Diversity in Autonomous Playtesting: a Case Study on Reinforcement Learning for NHL26

About the talk
Reinforcement learning (RL) is already successfully used for playtesting games without human intervention, allowing game studios to reduce the significant time and cost spent for this important task in game development. We present a case study on testing the goalie AI in the hockey game NHL26, which is using a traditional rule-based algorithm, by training a forward player with RL to find exploits in the goalie’s behavior. We show that out of the box RL algorithms only provide limited value for this kind of testing scenario, because they converge to a single exploit strategy. With some simple steps we can enhance the algorithm to instead provide a set of qualitative and diverse solutions that provide additional value to game designers, since they allow finding multiple fix-worthy exploits in a single experiment iteration.
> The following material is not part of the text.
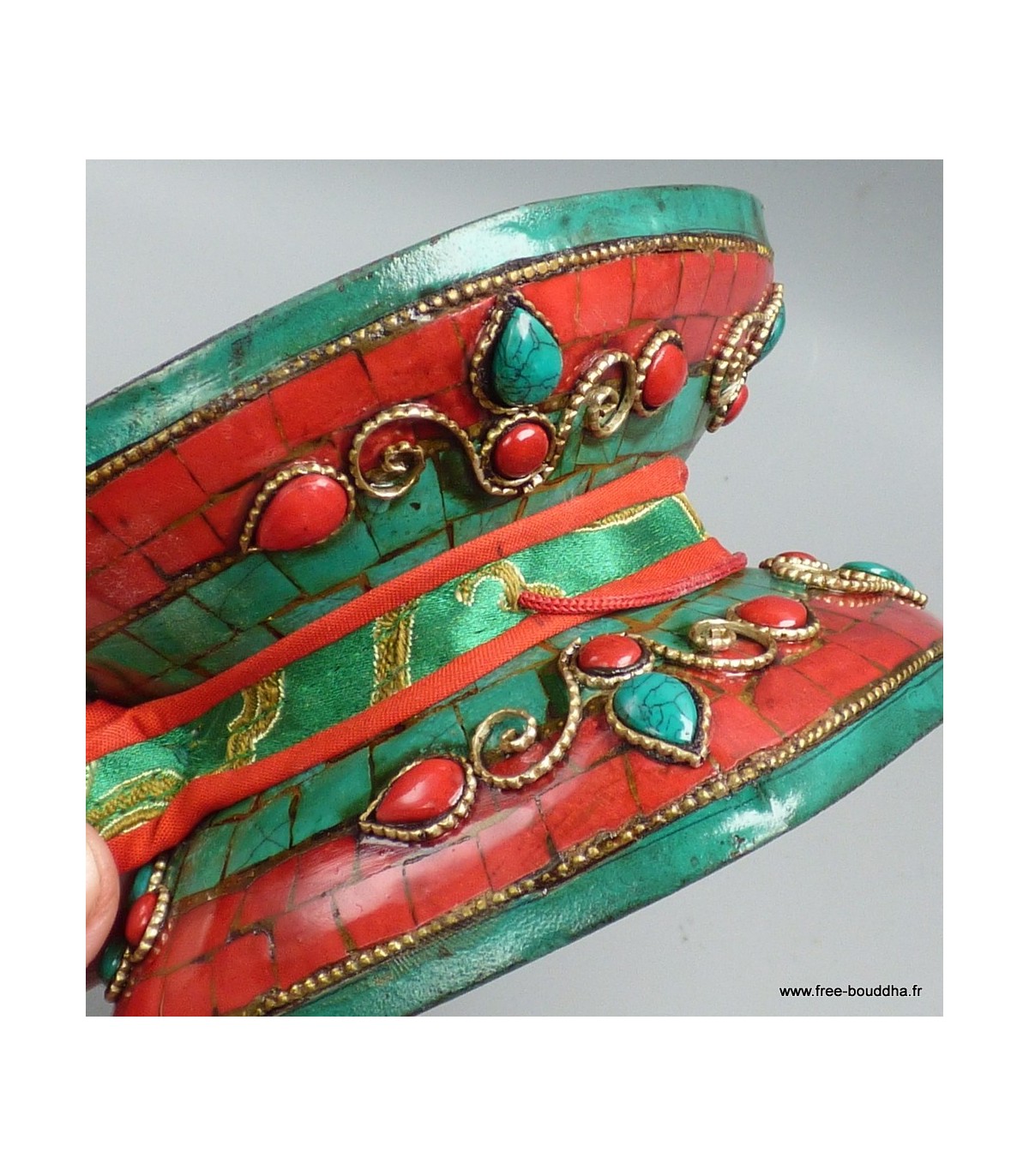 Ce damaru tibétain est réalisé de manière artisanale et orné d’un mélange de pierres naturelles et de pierres fantaisie, accompagnées d’un décor filigrané minutieux. Son format compact le rend très agréable à utiliser lors des rituels bouddhistes, des pratiques méditatives ou des cérémonies. La couleur de la lanière peut varier selon les arrivages, ce qui confère à chaque pièce son caractère propre. Le damaru est livré sans pochette.
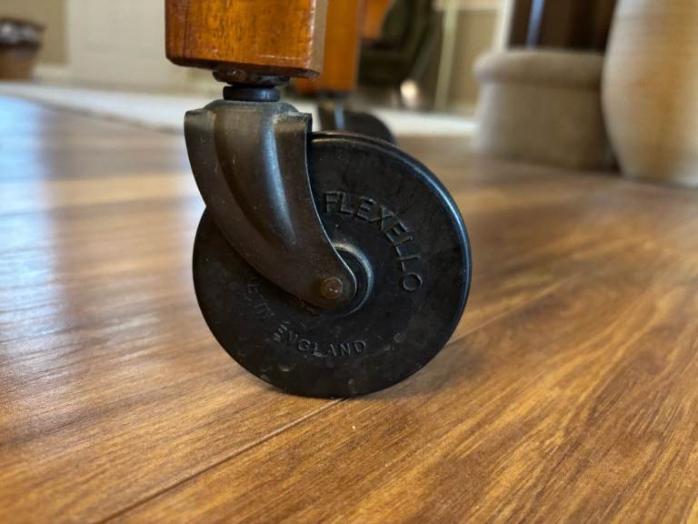 In full working order and in lovely vintage condition with original rotating castors. It has developed a lovely patina. Wood grain believed to be solid oak with formica top. Has the original bakelite handle which pulls out to enable the table to be extended to form a table top. Ideal for many uses from its original use as a tea trolley to a compact table or somewhere to place a jigsaw!

For our first deployment of our approach, within a single experiment we were able to find six exploit strategies that were qualitatively similar to those that game testers found in hour long manual testing sessions.

Takeaway
– Reinforcement Learning is good at learning one solution to a problem by overfitting to the environment. With some simple tricks we can create a diverse set of solutions which is more valuable for game testing, since game designers can for example find multiple game exploits in a single development iteration.
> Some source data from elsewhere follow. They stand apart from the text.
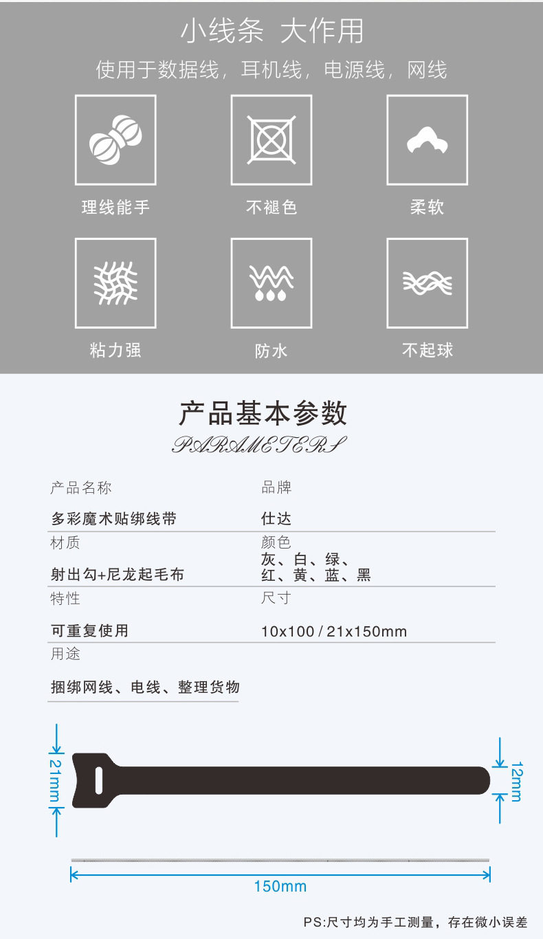 | Scope of application | Earphone,Toy,Cable management tape,Bundle,Computer wires,Clean up the wires |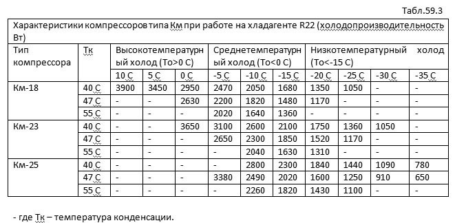 Известно, что холодопроизводительность холодильного устройства определяется величиной массового расхода хладагента по контуру. При этом на массовый расход хладагента оказывают влияние характеристики компрессора и его условия работы. В табл.59.3 отображены данные по холодопроизводительности трех типов компрессоров, согласно следующим условиям работы.
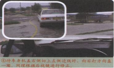 4、待车身机盖右侧切上左侧边线时,向右打方向盘一圈,同理根据后视镜进行修正。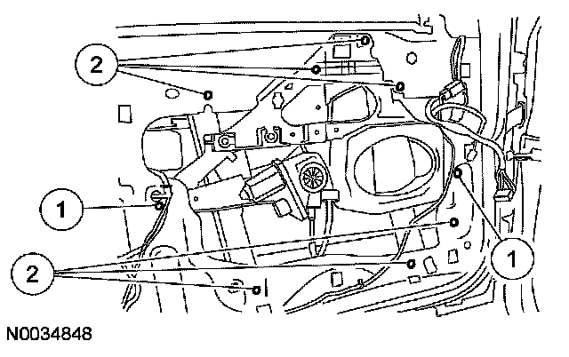 2 Remove the front window regulator bolts and front top run channel bolt.

– My presentation shows that simple solutions are often the better way to go for AI development. Specifically for the case of NHL26, I show that an easy trick allows us to learn a diverse set of qualitative solutions, without using a cutting edge Quality Diversity algorithm, which are known to be unstable, hard to tune, and debug.
– RL for playtesting can serve as as a non-invasive way to start a research relationship with a game studio. RL for game AI on the other hand requires more trust, because there is still a lack of authorial control for such agents, removing some of the control that game AI designers are used to from more traditional algorithms.

Experience level needed: Beginner, Intermediate